- Work to complete -
Which lines below fall between the one containing "Linear regression between" and the one containing "Tampa Bay Rays"? Repeat them exactly, counting both of those lines, and add nothing else.

═══ Provided records

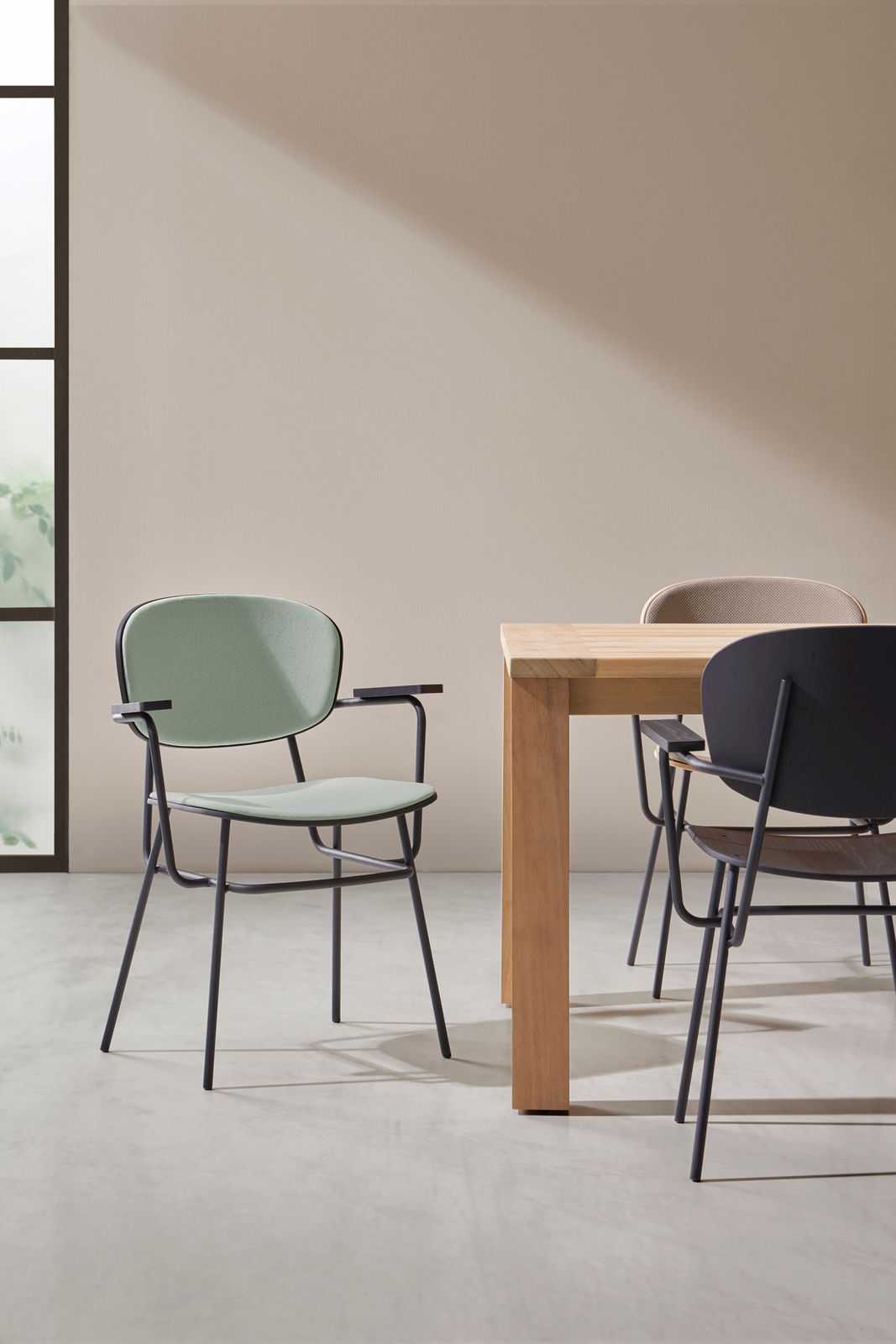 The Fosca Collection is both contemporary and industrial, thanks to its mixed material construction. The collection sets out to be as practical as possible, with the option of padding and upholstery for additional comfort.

══════
═══ Provided records

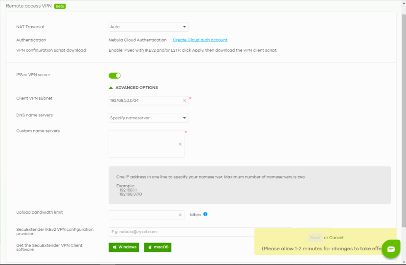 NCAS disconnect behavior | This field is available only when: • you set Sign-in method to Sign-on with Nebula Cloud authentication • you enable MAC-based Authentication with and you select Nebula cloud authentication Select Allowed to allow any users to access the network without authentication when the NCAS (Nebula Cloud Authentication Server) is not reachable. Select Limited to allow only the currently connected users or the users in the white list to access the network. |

══════
═══ Provided records

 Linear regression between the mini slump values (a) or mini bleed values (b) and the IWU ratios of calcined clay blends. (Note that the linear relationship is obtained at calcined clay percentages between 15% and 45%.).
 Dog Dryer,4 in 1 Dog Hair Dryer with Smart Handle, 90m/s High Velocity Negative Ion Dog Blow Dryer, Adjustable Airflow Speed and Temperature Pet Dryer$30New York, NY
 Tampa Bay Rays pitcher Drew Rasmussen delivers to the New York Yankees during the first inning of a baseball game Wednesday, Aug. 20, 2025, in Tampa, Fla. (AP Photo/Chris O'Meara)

══════

- Result -
 Linear regression between the mini slump values (a) or mini bleed values (b) and the IWU ratios of calcined clay blends. (Note that the linear relationship is obtained at calcined clay percentages between 15% and 45%.).
 Dog Dryer,4 in 1 Dog Hair Dryer with Smart Handle, 90m/s High Velocity Negative Ion Dog Blow Dryer, Adjustable Airflow Speed and Temperature Pet Dryer$30New York, NY
 Tampa Bay Rays pitcher Drew Rasmussen delivers to the New York Yankees during the first inning of a baseball game Wednesday, Aug. 20, 2025, in Tampa, Fla. (AP Photo/Chris O'Meara)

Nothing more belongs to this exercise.